# Video montage of my PCD



## DDGator (Mar 4, 2013)

I just picked up my 328i on June 10. I will be doing a more in-depth write-up, but it was more fun to finish the video first... :thumbup:

I missed a few things (no good video of the ABS braking exercises), but I was also trying to keep the video to a fast-paced 3 minutes.

Let me know what you think!

http://vimeo.com/68436201


----------



## alee (Dec 19, 2001)

Congrats Duane! Long time coming! Definitely looking forward to hearing more about the PCD! My car have just cleared VPC because my dealer just offered me a date to pick-up!


----------



## kromix (Mar 20, 2013)

NICE! I'm doing it next time that looks fun.


----------



## fabiani (Jan 14, 2013)

Nice car! Yours looks like mine on the outside!


----------



## alee (Dec 19, 2001)

Did you stick a GoPro in the car?


----------



## DDGator (Mar 4, 2013)

Yes, I hung my GoPro upside down from the suction cup mount on the inside of the sunroof. I'm not sure what was going on with the distortion of the bright colors outside the vehicle. Otherwise it worked pretty darn good! The staff didn't have any problem with me doing it except the one time they caught me driving (between exercises) and trying to adjust the mode...


----------



## alee (Dec 19, 2001)

DDGator said:


> Yes, I hung my GoPro upside down from the suction cup mount on the inside of the sunroof. I'm not sure what was going on with the distortion of the bright colors outside the vehicle. Otherwise it worked pretty darn good! The staff didn't have any problem with me doing it except the one time they caught me driving (between exercises) and trying to adjust the mode...

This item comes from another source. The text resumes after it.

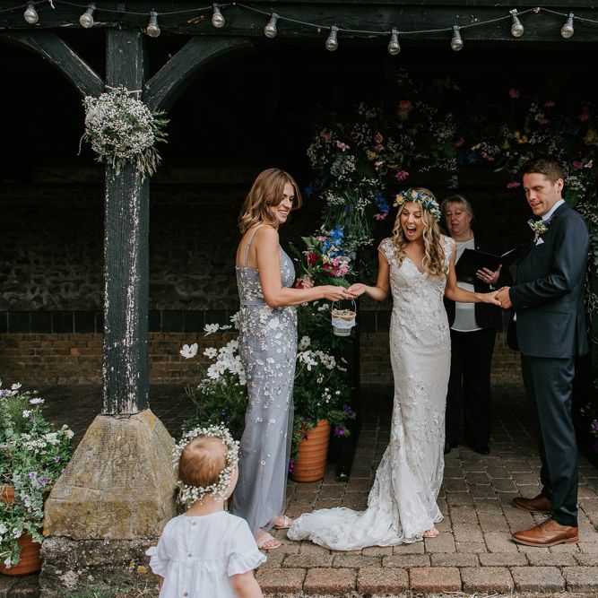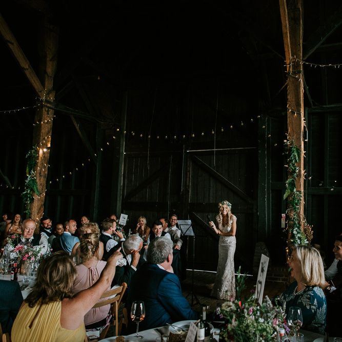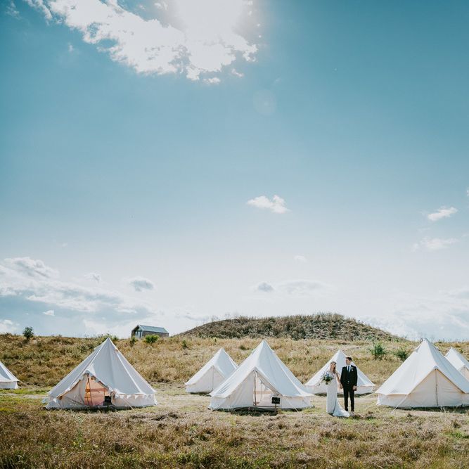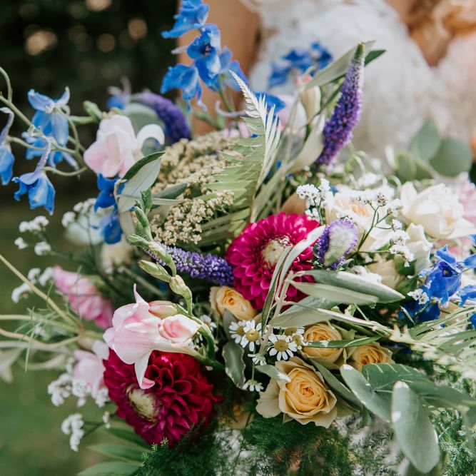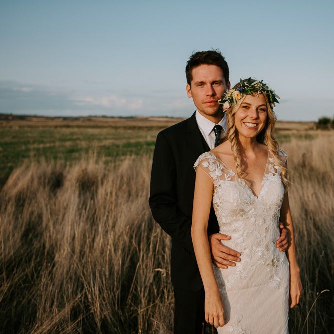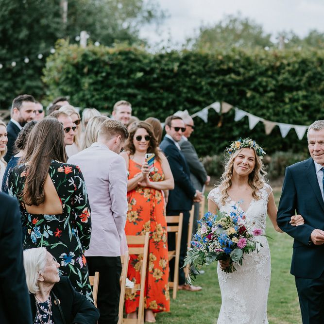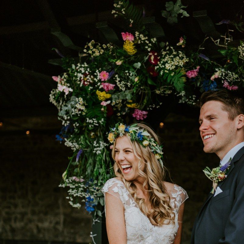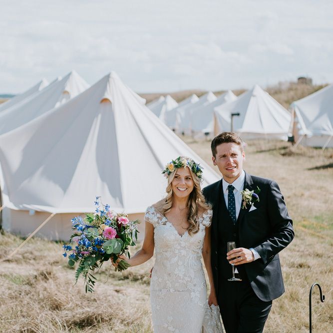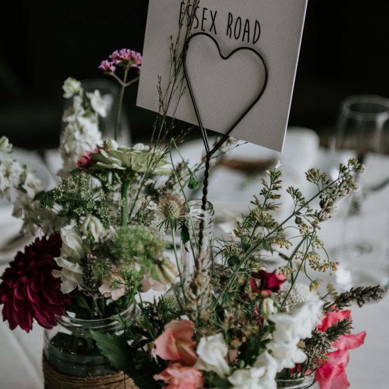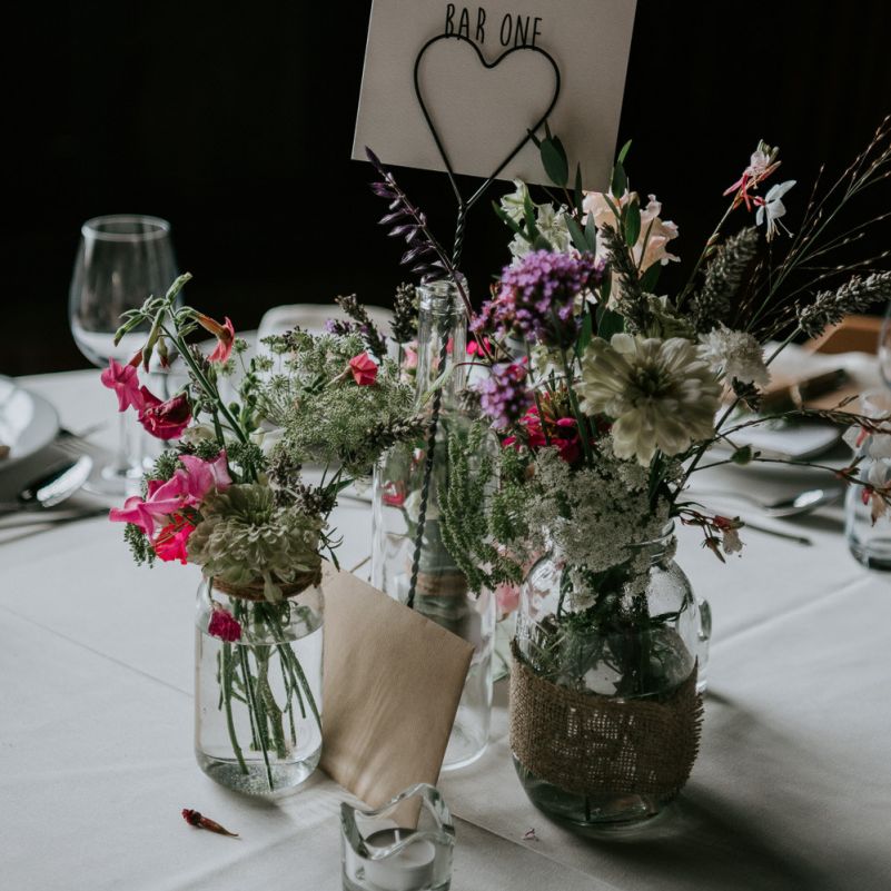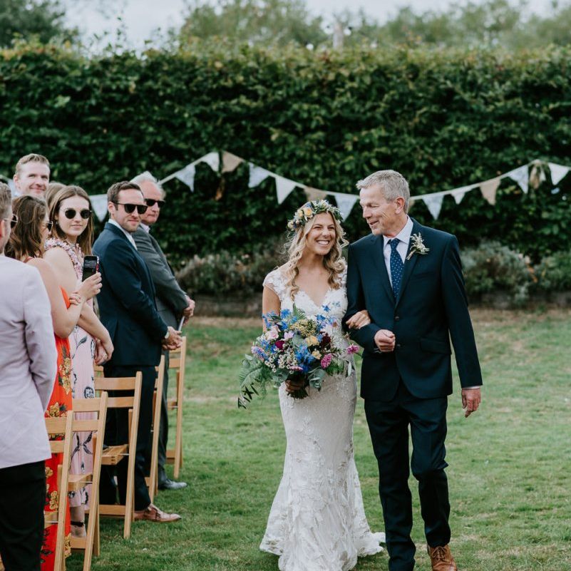 Our venue was set in the incredible beauty of Elmley Nature Reserve, so we wanted to celebrate nature and keep the styling to a minimum to complement the venue with a boho, relaxed feel. Our flowers were all English grown, meadow style and were supplemented with ferns and greenery wrapped around the pillars in the barn. The tables all had home-grown flowers in varying jam jars wrapped in hessian and lace. Our guests were staying in tipis on-site so the décor outside on the lawn reflected the festival style feel of the wedding.

Good to know... I was debating about bringing the GoPro... guess that's getting packed!


----------



## DDGator (Mar 4, 2013)

Another tip -- bring raingear just in case! This stuff goes rain or shine, but it could be miserable in the heavy rain. We had rain but not enough to slow us down.


----------



## miata13 (Nov 22, 2007)

Thank you DDGator for the video! Great job and your Alpine White 328i looks neat!


----------



## SJAPoc (Apr 14, 2007)

Very nice video Duane... Great job capturing the experience


----------



## greentrbo95gst (Nov 22, 2005)

Very nice. Congrats on the car.


----------



## chicagofan00 (Feb 10, 2008)

Thanks for sharing. Definitely makes me want to do PCD and make the long drive back to Phoenix.


----------



## Mbrown328dx (Mar 22, 2014)

Thanks everyone for the info.


----------